Advanced DSP Technologies from BIAS
BIAS's audio software products employ a number of powerful digital signal processing technologies created by the company. This paper discusses only a few of these technologies in order to convey the potency they exhibit as they are now used in BIAS products, as well as the enormous potential for applications going well beyond their current implementations. These technologies are: Partial Harmonic Audio Technology, Dither Cloning Audio Technology, Ultimate Sample Rate Conversion, and Corrective Linear-Phase Noise Reduction.
Complex digital signal processing always entails a tradeoff between quality and efficiency, but this choice involves considerably more than selecting a point on a "slider" between the two. While any approach taken to programming DSP algorithms must finesse this balance, some approaches are able to achieve higher levels of both qualities than others. In all cases, BIAS's emphasis in developing technologies has been to achieve the highest possible quality, while optimizing algorithms to realize the greatest efficiency attainable.
Partial Harmonic Audio Technology (PHAT) and the Power of Analysis/Resynthesis
PHAT is an analysis/resynthesis engine that uses highly developed additive synthesis techniques to enable a wide variety of sound modification capabilities. PHAT performs its work in the frequency domain, which allows possibilities not available in the time domain. However, realizing these possibilities depends on well-designed processing of the data after conversion into the frequency domain.

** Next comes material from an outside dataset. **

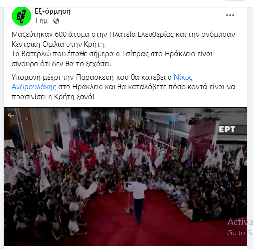 Για παράδειγμα, το (ανεπίσημο;) ΠΑΣΟΚ, μέσα από το όνομα της ιστορικής εφημερίδας “εξόρμηση” μας λέει ότι “είδε” 600 συγκεντρωμένους στην ομιλία Τσίπρα στην πλατεία Ελευθερίας και με οπαδικό στιλ μας είπε να περιμένουμε να δούμε τι θα γίνει την Παρασκευή στον ίδιο χώρο με Ανδρουλάκη!

Performing a Fast Fourier Transform (FFT) on the signal puts the data into the frequency domain, but while the FFT provides an accurate spectral breakdown, the center frequencies of the FFT channels (also called "frequency bins") do not directly represent the harmonics of a pitched signal, such as a musical instrument sound. In order to extract the harmonics, PHAT subjects the FFT data to a sophisticated analysis that computes the trajectory of each harmonic partial. PHAT analysis is has been optimized to allow it to work in real time, while producing high-quality output. The complexity of this analysis limits the current implementation of PHAT to working on monophonic sources only.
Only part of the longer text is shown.